Nunez and Smith both say Torche's financial losses could be upward of $15,000, and there's no telling when the bandmates might be reimbursed for their flights even with insurance. A large number of guarantees they'd taken for granted thanks to the projections of these shows have gone completely down the drain.
As a self-confessed hypochondriac, Nunez plans to ride out the scare far away from the urban hub of Miami: His father owns some land and even a few horses near the Everglades. Though he's disappointed by the tour's cancellation, he's keeping his eyes on the bigger picture.
“At some point, you have to be courteous to the people that are going to go to your shows, because you could be putting people at risk," he says. "A lot of people might not even know they have some underlying health issues, so we have a responsibility to them as well as ourselves.”

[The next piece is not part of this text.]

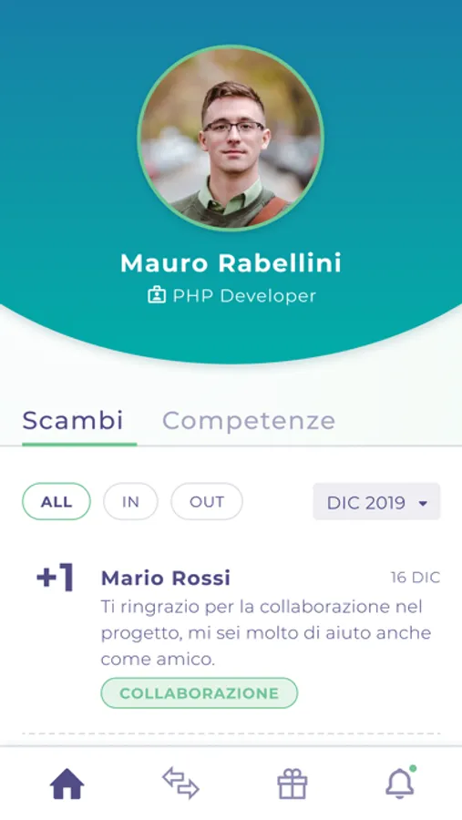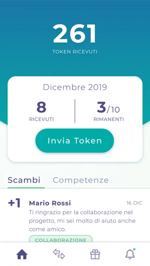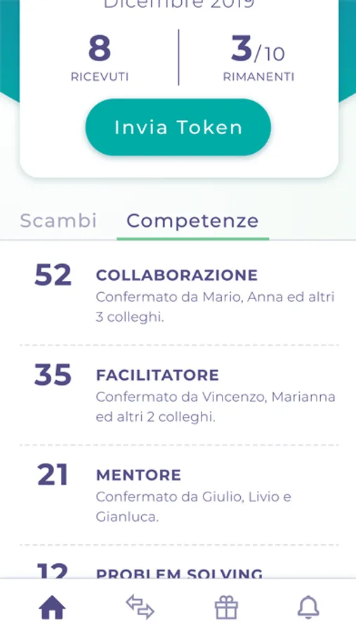 - Sezione Stats: la tua overview. A colpo d’occhio verifica l’andamento mensile dei token ricevuti e il grafico di tutte le competenze segnalate dai tuoi colleghi.
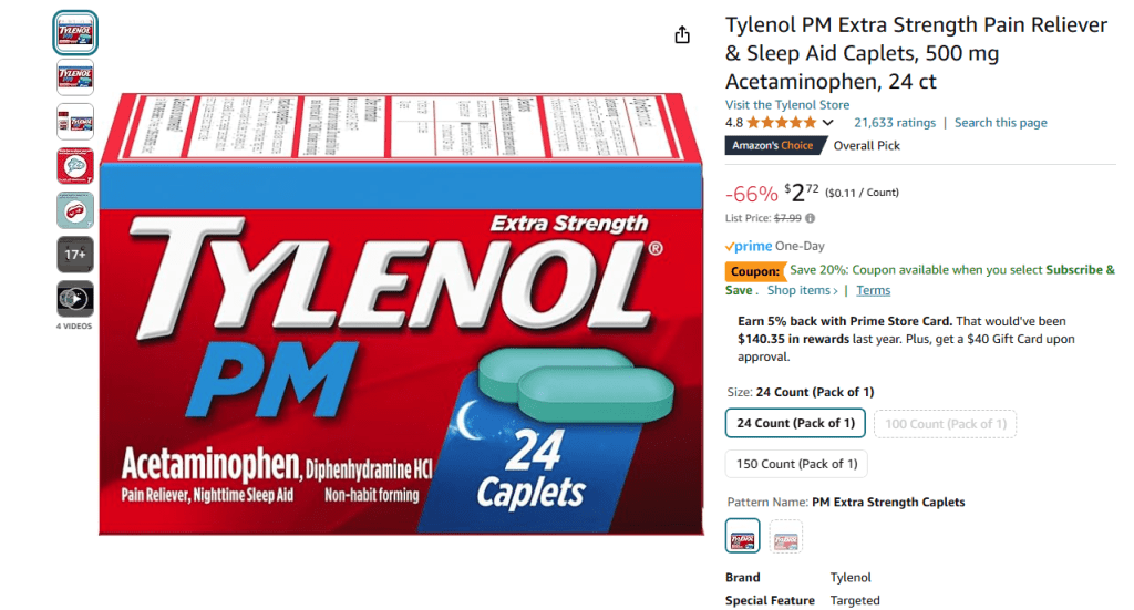 2. Tylenol PM Extra Strength Pain Reliever & Sleep Aid Caplets, 500 mg Acetaminophen, 24 ct

Back in Miami, the immediate prospects for the band and its affiliates are far from rosy. Though Smith owns a local printing company — which is still getting business — Nunez and Haft work as sound engineers and are dealing with the two-fold issue of event cancellations and their positions as social pariahs: Their 23k Instagram followers are all too aware of their movements through Europe, where the virus has taken a stronger hold than it has in the States thus far.
Plans to reschedule Torche's tour have been put on hold until something resembling normalcy returns to the music industry and, indeed, the world at large.